Today we are proud to announce Splout SQL, a web-latency SQL spout for Hadoop.
We have been working hard for the last months preparing the release of what we think is a novel solution for serving Big Data. We have taken ideas from projects such as Voldemort or ElephantDB to bring SQL back to the realm of web-latency Big Data serving.
The motivation for Splout SQL is well explained in this post.
Splout SQL fundamentals
Splout SQL is a scalable, fault-tolerant, read-only, partitioned, RESTful, SQL database that integrates tightly with Hadoop. Splout SQL can be used to query Hadoop-generated datasets under high-load, in sub-second latencies. This means Splout SQL is suitable for web or mobile applications that demand a high level of performance. As an example, we have used Splout for serving 350GB worth of data from the “Wikipedia Pagecounts” dataset, performing arbitrary aggregations over it (see the benchmark page for more details).
Elephant DB does something similar. Project Voldemort can do that as well. Inspired by them, we have summarized concepts such as hot-swapping, rollback, versions and domains / stores / tablespaces into a simple and friendly API for deploying read-only datasets.
But Splout can create arbitrary tables / B-Trees, offering a real SQL view over the final dataset. Therefore Splout SQL is a richer, more powerful extension of those key / value stores, which allows for arbitrary real-time SQL aggregations over the generated views.
How it works
Data structures needed to answer queries are generated using “splout-hadoop” command-lines or API methods. The API uses a Pangool batch process underneath for performing the data distribution and indexing. The data files generated are no more than SQLite binary files and they are saved into the HDFS or any other compatible file system (for example, S3). Those files are then pulled from a different cluster (the serving cluster, running Splout SQL daemons) under a deploy request, and this distributed, asynchronous deploy is coordinated by Hazelcast until success or failure.
On the serving side, user queries are routed through a “QNode” service, who knows the distribution of the underlying dataset. “DNode” services are the ones who hold the SQL files, answer the queries and send the results back upstream. The result of the query is finally returned to the user as a JSON through its HTTP interface.
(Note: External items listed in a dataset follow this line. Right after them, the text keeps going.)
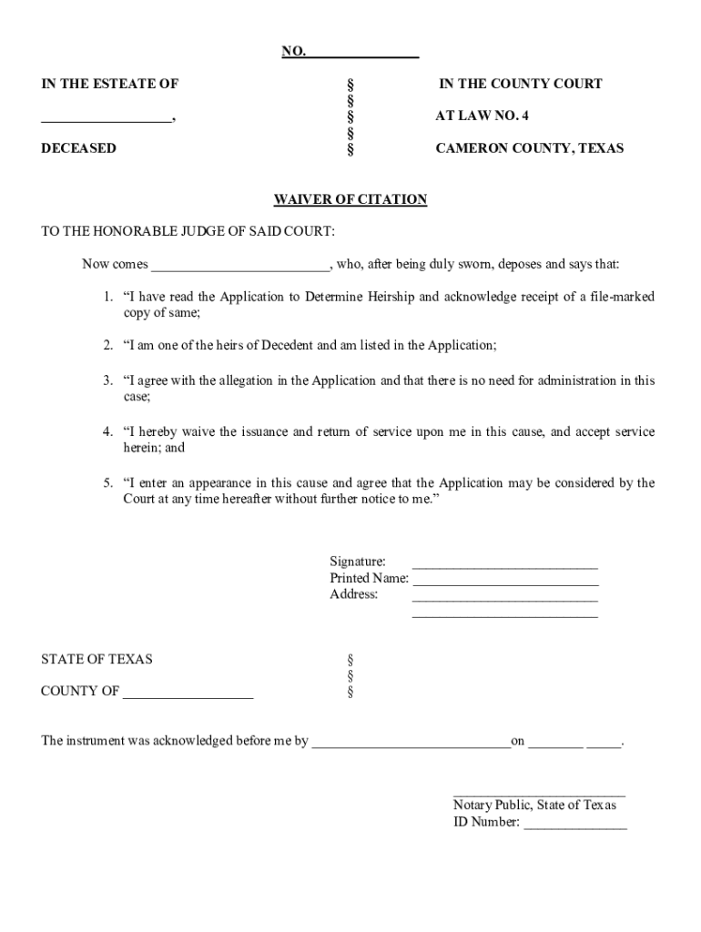 NO. ___ IN THE ESTATE OF ___, DECEASE DIN THE COUNTY COURT AT LAW NO. 4 CAMERON COUNTY, TEXASWAIVER OF CITATION TO THE HONORABLE JUDGE OF SAID COURT: Now comes ___, who, after being duly sworn, deposes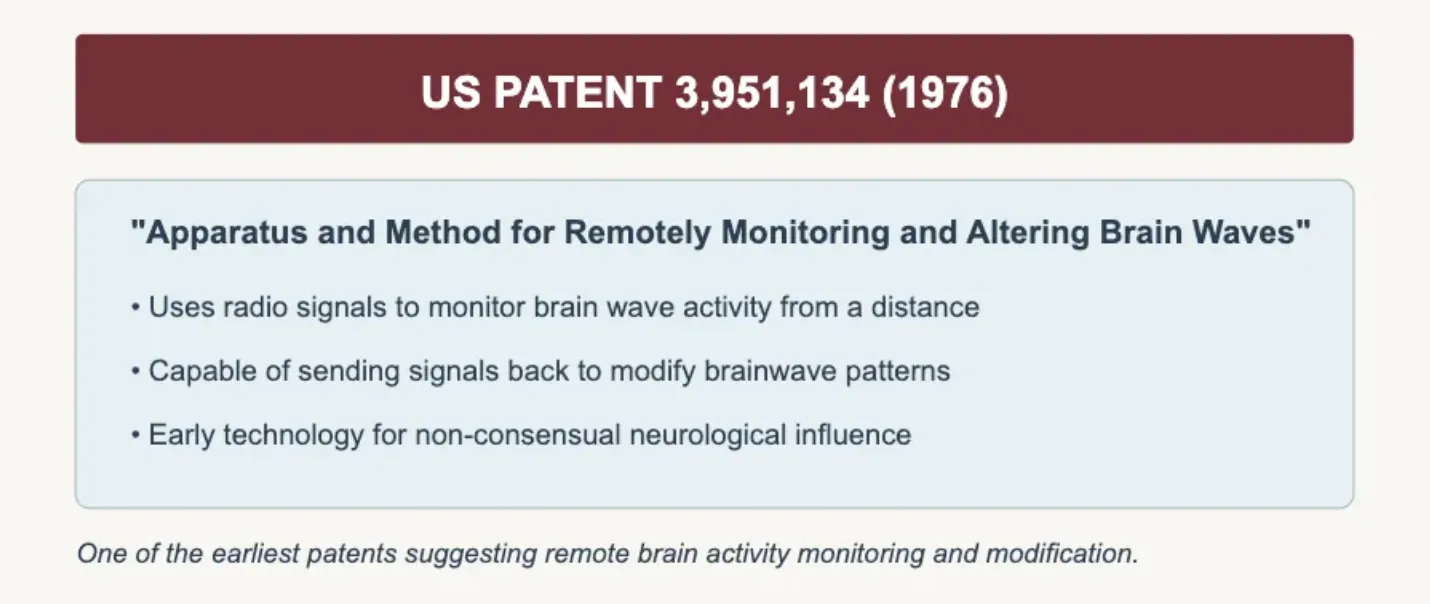 US-Patent 3.951.134: Fernüberwachung und Veränderung von Gehirnwellen. Man muss das Gerät nicht einmal tragen. Die Umgebung selbst wird zur Waffe.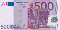 Bancnotele vor fi in numar de 7, si vor avea urmatoarele valori: 5 euro, 10 euro, 20 de euro, 50 de euro, 100 de euro, 200 de euro si 500 de euro.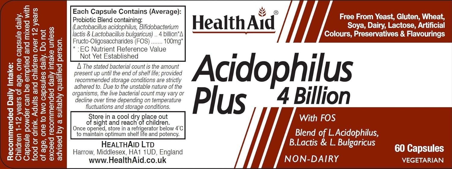 HealthAid Acidophilus Plus 4 Billion capsules are formulated using special strains of Probiotic cultures on a dairy free medium. Fructo-Oligosaccharides (FOS) are added to help support the growth and proliferation of bacterial strains in the intestinal tract. HealthAid Acidophilus Plus 4 Billion helps support a balanced intestinal flora, to maintain good digestion and support healthy immune function.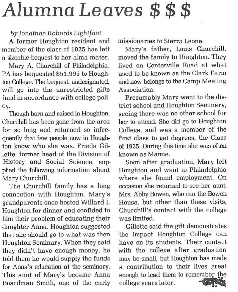 As I do a review of my writing, and the editions of the Houghton Star, I see that most of my articles Freshman year were of the “press release” type, rewriting and fleshing out basic informational articles.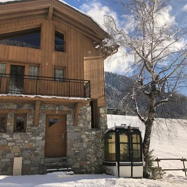 山の景色を望むChalet des Trappeurs Coeur Vanoise 15 personsはシャンパニー・アン・ヴァノワーズにある宿泊施設で、無料WiFiを提供しています。アルベールビル・オリンピックホールから46kmの宿泊施設で、庭と無料専用駐車場を提供しています。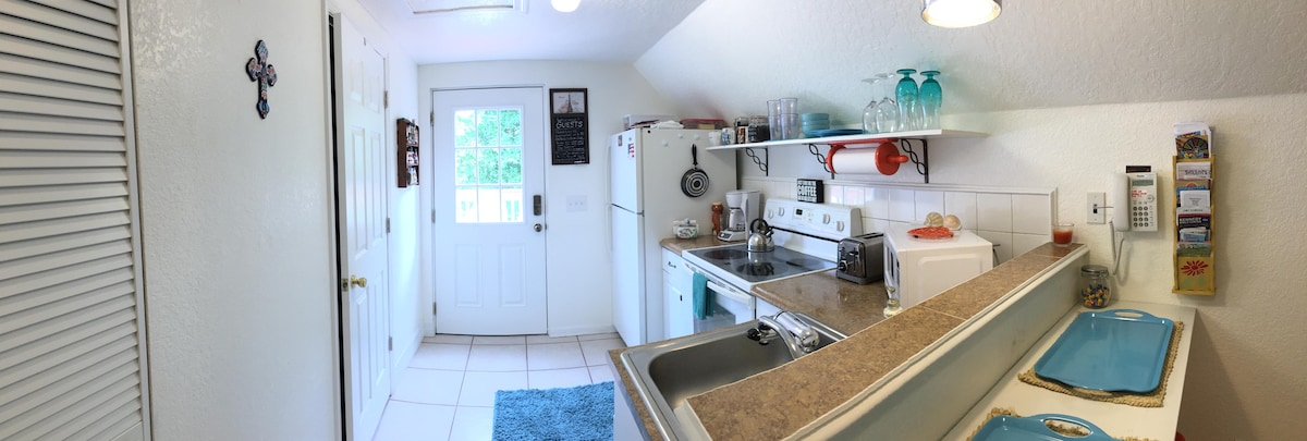 The Nest has undergone a major renovation/expansion with the addition of a full kitchen/dining and separate bedroom. It is an adorable, lavishly decorated lower level, 700 sq ft cottage on a large property located along the Indian River and three blocks from the heart of Cocoa Village. Laundry facility is next door to the Nest and shared with upstairs unit. It has a private courtyard. Parking onsite for one only normal-sized vehicle. No Cleaning Fee on 1-2 day stays. Max two guests.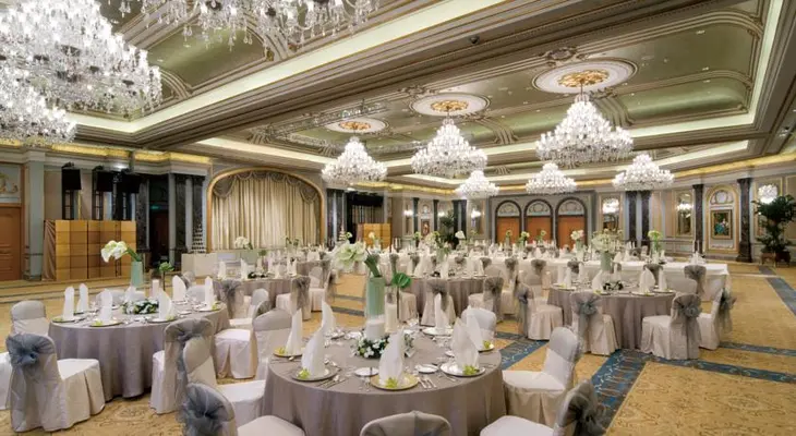 “Resembling an opulent scene from a 19th-century oil painting, this ritzy neoclassical hotel is a replica of a Versailles palace.”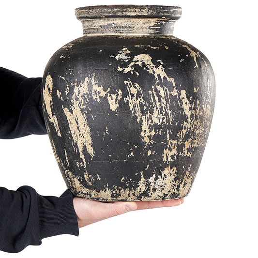 AusverkauftTerrakotta Dekovase 33 Schwarz Beige LINDOS

- The system is able to distribute the data evenly among shards by using sampling techniques (such as the one used by TeraSort and algorithms such as Reservoir Sampling).
- In order to sample and distribute the data there must be some sort of “partition key” concept. In Splout, datasets can be partitioned by any function of a row. Usually this will be a column or a set of columns of the dataset. This function allows the sampling process to determine the histogram of the dataset and distribute the data evenly into the desired number of partitions.
- Queries are always routed to a single partition, so the user must provide the partition key for every query. This key must of course be consistent with the partitioning strategy used. (This is the equivalent of providing a “key” to get a value in a key / value store. In this case, you provide a “key” and you get back the result of a SQL query).
- Fail-over is achieved through straight-forward replication: each generated partition is copied to multiple DNodes so that if one of them fails, the other ones can still serve that partition.
- The user can create any number of tables inside tablespaces, and deploy an arbitrary number of tablespaces. Tables can be partitioned or replicated to each partition (for example, small tables can be configured to be fully replicated to every partition so that join queries are always possible within any partition).
- Deploys are all-or-nothing and don’t affect query serving, so the overall system is very robust, simple and yet very flexible. And the user can rollback to previous versions, atomically.
Splout SQL in the Big Data space
We have designed Splout SQL to fill a gap in the Big Data space. We think Splout is the best candidate “Batch Layer” of a “Lambda architecture“.
Splout SQL integrates well with Hadoop, can answer low-latency queries and is prepared to stand datasets that exceed available RAM just like Voldemort or Elephant DB, but it offers SQL real-time aggregations instead of just key / value lookups.
On the other hand, NoSQL databases such as MongoDB, Cassandra and HBase, although not being SQL, they offer a wide variety of features, may be used in conjunction with Hadoop and may seem to overlap with Splout SQL’s objectives. However, these are much more complex systems to use and manage. And as far as we know, at the date of this document none of them provide a bridge with Hadoop that 1) is easy to use and manage 2) doesn’t affect query serving 3) is all-or-nothing, with the possibility of rollback.
And finally, there are emerging “fast analytics” engines on top of Hadoop that deliver fast SQL queries over Hadoop-generated files (Impala, Apache Drill). However, as far as we know, they are conceived for off-line, analytics applications. They are not designed to stand multi-threaded, heavy-traffic environments with low-latency queries in the sub-second realm. They may leverage column-oriented storage for making scans really fast, but they lack the necessary B-Trees to fast-lookup any row. Overall, these are suitable for queries that impact the whole dataset, whereas Splout SQL is made to answer a lot of queries that span very small portions of the dataset.
Splout is not 1.0 yet but we will appreaciate your feedback, so try it.